[Information shown]

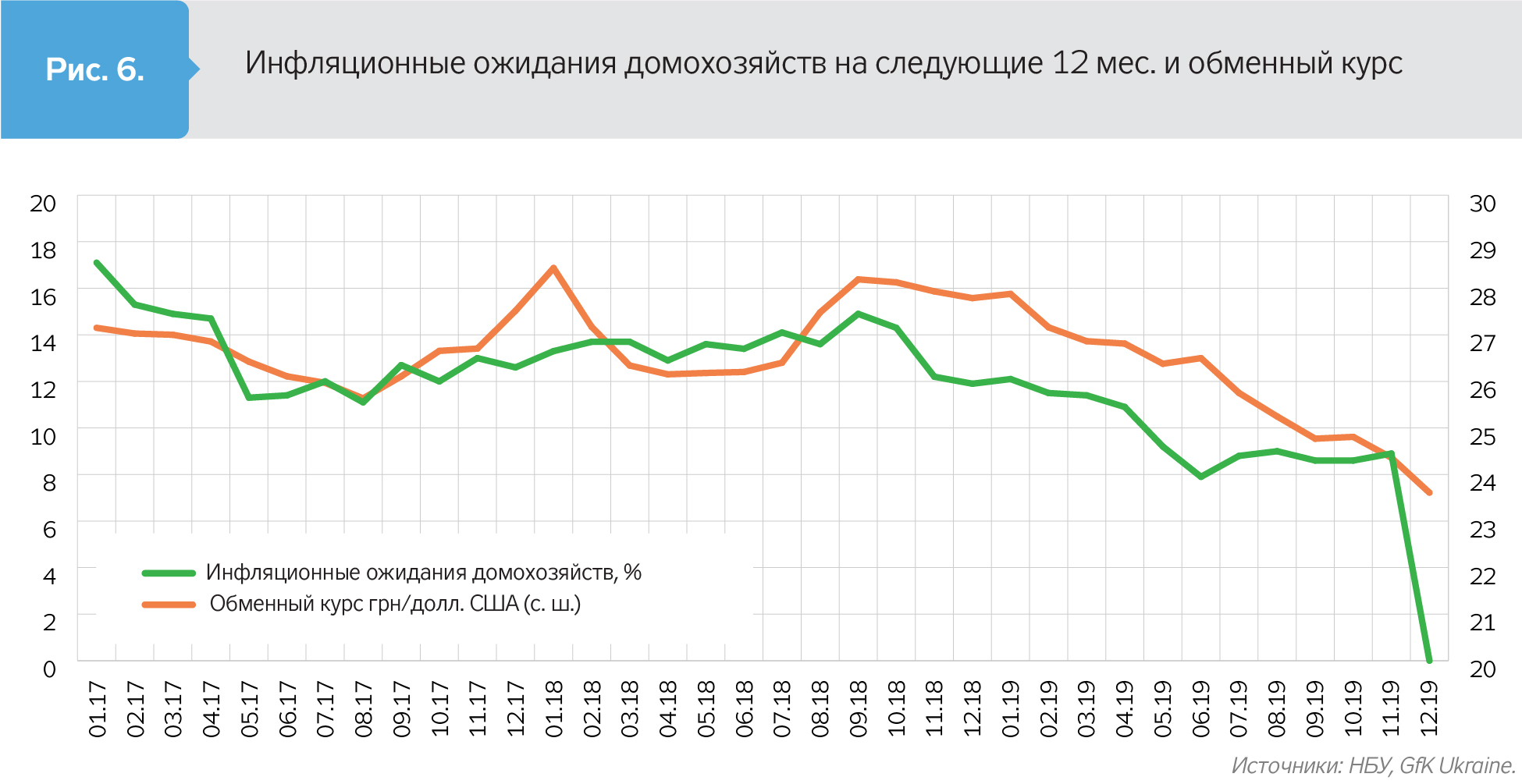 Инфляционные ожидания населения начали значительно снижаться с октября 2018 года (рис. 6). Существенное влияние на инфляционные ожидания оказывает не только процентная политика НБУ, но и текущая динамика обменного курса.
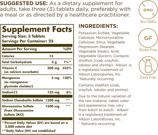 Solgar Glucosamine Chondroitin Complex - Extra Strength Tablets for Healthy Joints & Comfortable Movement - Non-GMO, Gluten & Dairy Free - 25 Servings
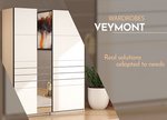 La collection de placards VEYMONT constitue une solution de conception élégante et très attrayante dont l’esthétique prononcée contribue à l’impression d’ambiance générale. Cinq modèles de placards VEYMONT ont été présentés, de largeurs différentes, au décors blanc opaque et chêne artisan. Tous les modèles disposent d’un miroir sur l’une des façades. Dans leur forme de base, les placards VEYMONT ne disposent que de barres de garde-robe pour ranger les vêtements suspendus, mais on a également présenté des ensembles d'étagères supplémentaires, si un mode de rangement différent est nécessaire.
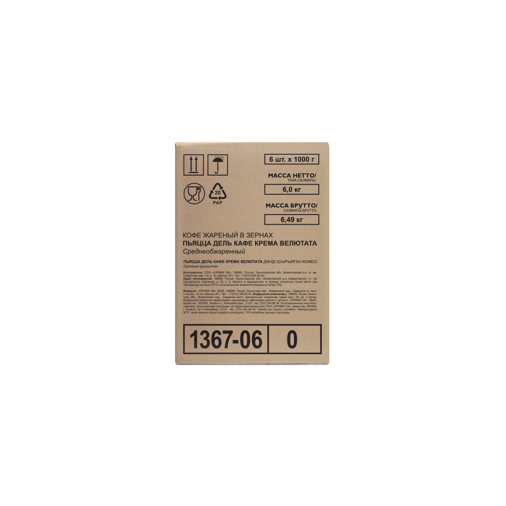 Кофе в зернах Пьяцца Дель каффе крема велютатте PIAZZA del CAFFE Crema Vellutata, кофе зерновой 1000 г Мягкий ровный напиток, обладающий приятным коротким послевкусием. "Gusto delicato – la crema vellutata" (деликатный вкус – бархатная пенка). При работе в вендинге добавляет сливочности напиткам.
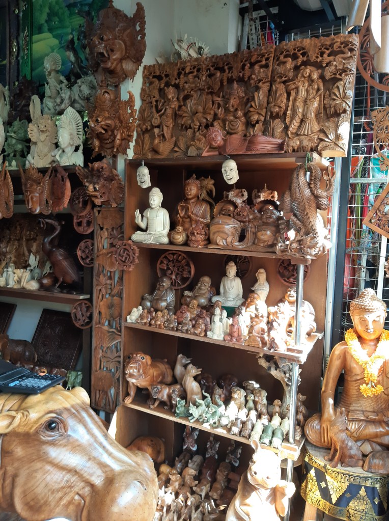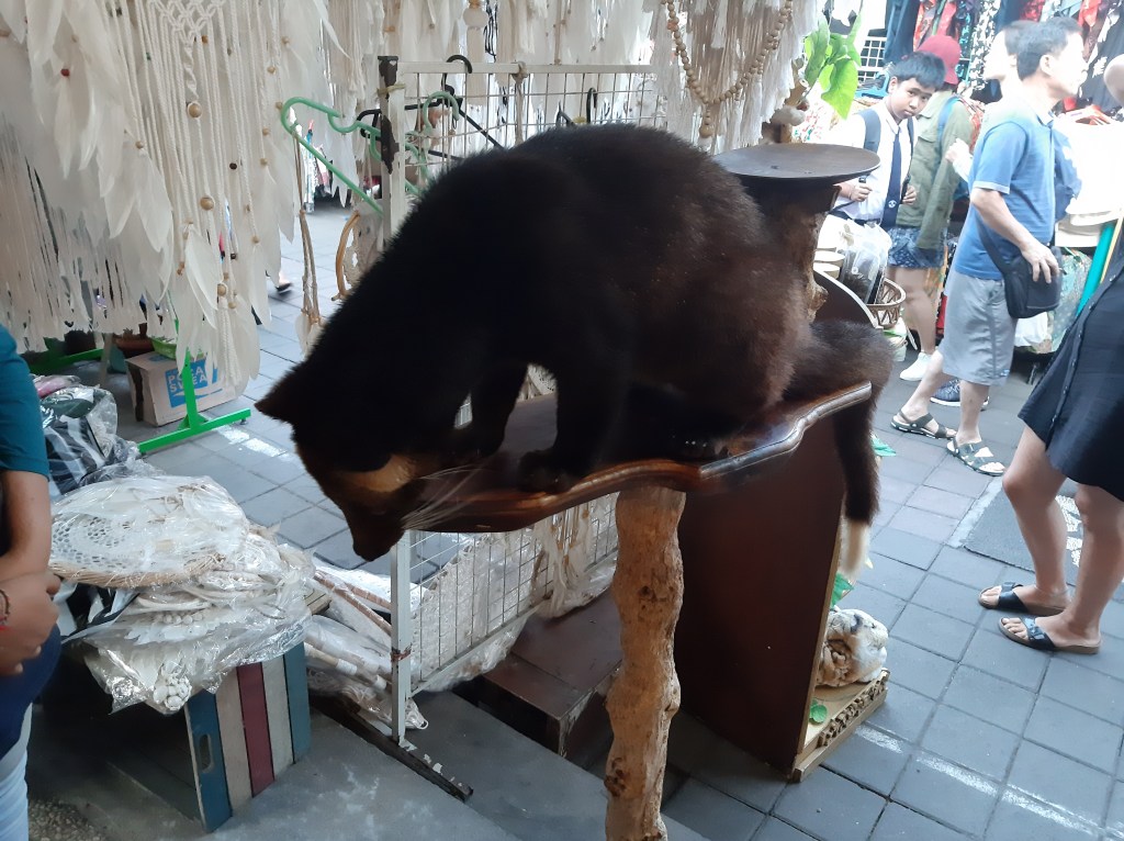 Il est presque 18h00 et le parc va bientôt fermer. On revient vers l’hôtel en repassant par le Street Market. On y trouve une boutique à café (Balistar coffee), certes touristique, mais le café y est très bon, le décor aussi. Entre 20.000 et 50.000Rp pour un café (1,3€ – 3,3€). Il y a même un Luwak (Civette) vivant dans la boutique.
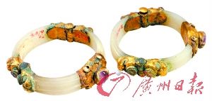 何家村的這兩副玉鐲出土時裝在蓮瓣紋銀罐內(nèi),銀罐器蓋墨書“玉臂環(huán)四”,可知玉鐲在當時被稱作“玉臂環(huán)”。
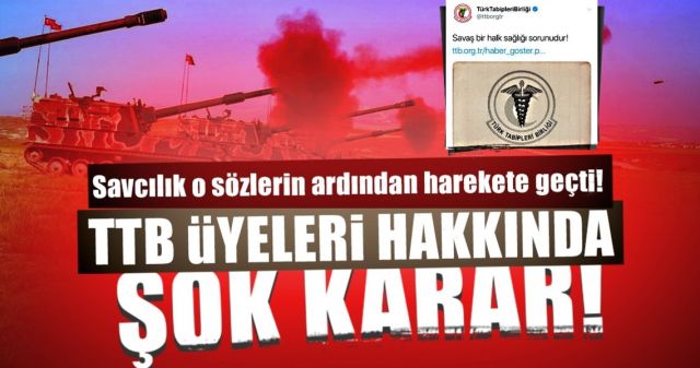 TSK tarafından hudutlarda ve bölgede güvenlik ve istikrarı sağlamak amacıyla Suriye'nin kuzeybatısındaki Afrin bölgesinde PKK/KCK/PYD-YPG ve DEAŞ'a mensup teröristlere yönelik başlatılan harekata ilişkin "Savaş bir halk sağlığı sorunudur" diyen TTB hakkında İçişleri Bakanlığınca dün suç duyurusunda bulunulmuştu. Ayrıca Sağlık-Sen de savcılığa başvurarak şikayet dilekçesi vermişti. Suç duyurusu dilekçelerini işleme koyan Ankara Cumhuriyet Başsavcılığı, TTB Merkez Konseyi üyesi 11 kişi hakkında "Türk Milletini, Türkiye Cumhuriyeti Devletini, Türkiye Büyük Millet Meclisini, Türkiye Cumhuriyeti Hükümetini ve devletin yargı organlarını alenen aşağılama" ve "Halkın sosyal sınıf, ırk, din, mezhep veya bölge bakımından farklı özelliklere sahip bir kesimini, diğer bir kesimi aleyhine kin ve düşmanlığa alenen tahrik" suçlamalarından soruşturma başlattı.
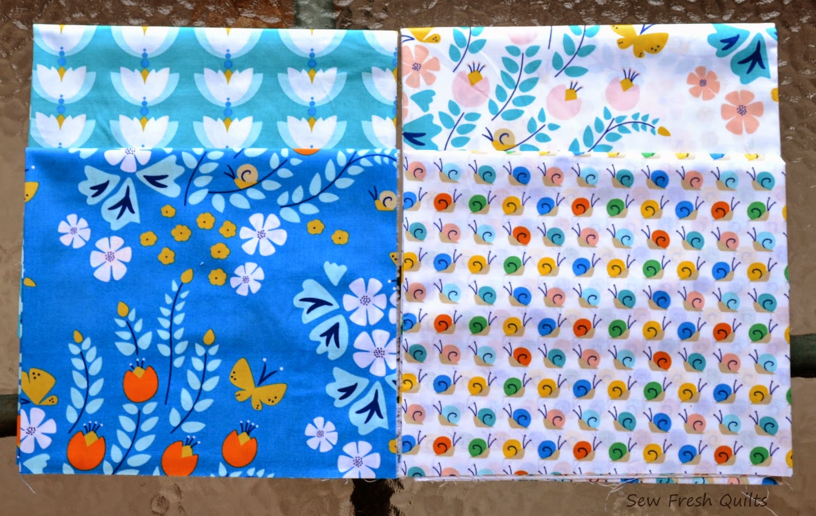 Left Top to Bottom: From the Bluebird Park collection: Woven Floral in Fountain, Hedgehogs in Tangerine, Woven Floral in Grass, and on the right is Lamp Post in Stone.
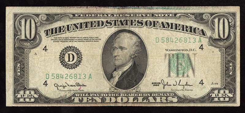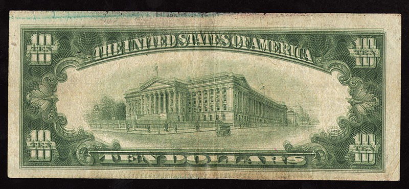 $10. FRN. 1950. No.D58426813A. Double printed back. The first printing, the green back, received two separate impressions, 2mm apart, resulting in a very clear doubling of the back image. Fine, with a light blue green stain along the top margin on both sides.
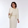 Элегантный женский костюм в цвете шампань — идеальный выбор для торжественных мероприятий. Комплект состоит из утончённого жакета и платья-футляра. Жакет обладает длиной 55 см и рукавами длиной 45 см, закрывающимися на крючок. Модель дополнена эффектными золотистыми пуговицами на передней панели, что добавляет роскошности образу. Платье выполнено в длину 98 см с короткими рукавами (18 см). Элегантный крой подчеркивается скрытой молнией на спинке и небольшим разрезом-шлицей на подоле длиной 20 см, что облегчает движение. Платье полностью на подкладке из трикотажа, что обеспечивает комфорт при носке. Дизайн платья дополняется тонким принтом в виде мелких квадратиков, расставляющих акценты и добавляющих изысканности. Этот костюм идеально подойдёт для деловых встреч, официальных событий или церемоний, гарантируя не только стильный, но и комфортный образ.

[/Information shown]

> What you have to do:
Please give the entries above again exactly as written, leaving out any pictures.

> Answer:
 Инфляционные ожидания населения начали значительно снижаться с октября 2018 года (рис. 6). Существенное влияние на инфляционные ожидания оказывает не только процентная политика НБУ, но и текущая динамика обменного курса.
 Solgar Glucosamine Chondroitin Complex - Extra Strength Tablets for Healthy Joints & Comfortable Movement - Non-GMO, Gluten & Dairy Free - 25 Servings
 La collection de placards VEYMONT constitue une solution de conception élégante et très attrayante dont l’esthétique prononcée contribue à l’impression d’ambiance générale. Cinq modèles de placards VEYMONT ont été présentés, de largeurs différentes, au décors blanc opaque et chêne artisan. Tous les modèles disposent d’un miroir sur l’une des façades. Dans leur forme de base, les placards VEYMONT ne disposent que de barres de garde-robe pour ranger les vêtements suspendus, mais on a également présenté des ensembles d'étagères supplémentaires, si un mode de rangement différent est nécessaire.
 Кофе в зернах Пьяцца Дель каффе крема велютатте PIAZZA del CAFFE Crema Vellutata, кофе зерновой 1000 г Мягкий ровный напиток, обладающий приятным коротким послевкусием. "Gusto delicato – la crema vellutata" (деликатный вкус – бархатная пенка). При работе в вендинге добавляет сливочности напиткам.
 Il est presque 18h00 et le parc va bientôt fermer. On revient vers l’hôtel en repassant par le Street Market. On y trouve une boutique à café (Balistar coffee), certes touristique, mais le café y est très bon, le décor aussi. Entre 20.000 et 50.000Rp pour un café (1,3€ – 3,3€). Il y a même un Luwak (Civette) vivant dans la boutique.
 何家村的這兩副玉鐲出土時裝在蓮瓣紋銀罐內(nèi),銀罐器蓋墨書“玉臂環(huán)四”,可知玉鐲在當時被稱作“玉臂環(huán)”。
 TSK tarafından hudutlarda ve bölgede güvenlik ve istikrarı sağlamak amacıyla Suriye'nin kuzeybatısındaki Afrin bölgesinde PKK/KCK/PYD-YPG ve DEAŞ'a mensup teröristlere yönelik başlatılan harekata ilişkin "Savaş bir halk sağlığı sorunudur" diyen TTB hakkında İçişleri Bakanlığınca dün suç duyurusunda bulunulmuştu. Ayrıca Sağlık-Sen de savcılığa başvurarak şikayet dilekçesi vermişti. Suç duyurusu dilekçelerini işleme koyan Ankara Cumhuriyet Başsavcılığı, TTB Merkez Konseyi üyesi 11 kişi hakkında "Türk Milletini, Türkiye Cumhuriyeti Devletini, Türkiye Büyük Millet Meclisini, Türkiye Cumhuriyeti Hükümetini ve devletin yargı organlarını alenen aşağılama" ve "Halkın sosyal sınıf, ırk, din, mezhep veya bölge bakımından farklı özelliklere sahip bir kesimini, diğer bir kesimi aleyhine kin ve düşmanlığa alenen tahrik" suçlamalarından soruşturma başlattı.
 Left Top to Bottom: From the Bluebird Park collection: Woven Floral in Fountain, Hedgehogs in Tangerine, Woven Floral in Grass, and on the right is Lamp Post in Stone.
 $10. FRN. 1950. No.D58426813A. Double printed back. The first printing, the green back, received two separate impressions, 2mm apart, resulting in a very clear doubling of the back image. Fine, with a light blue green stain along the top margin on both sides.
 Элегантный женский костюм в цвете шампань — идеальный выбор для торжественных мероприятий. Комплект состоит из утончённого жакета и платья-футляра. Жакет обладает длиной 55 см и рукавами длиной 45 см, закрывающимися на крючок. Модель дополнена эффектными золотистыми пуговицами на передней панели, что добавляет роскошности образу. Платье выполнено в длину 98 см с короткими рукавами (18 см). Элегантный крой подчеркивается скрытой молнией на спинке и небольшим разрезом-шлицей на подоле длиной 20 см, что облегчает движение. Платье полностью на подкладке из трикотажа, что обеспечивает комфорт при носке. Дизайн платья дополняется тонким принтом в виде мелких квадратиков, расставляющих акценты и добавляющих изысканности. Этот костюм идеально подойдёт для деловых встреч, официальных событий или церемоний, гарантируя не только стильный, но и комфортный образ.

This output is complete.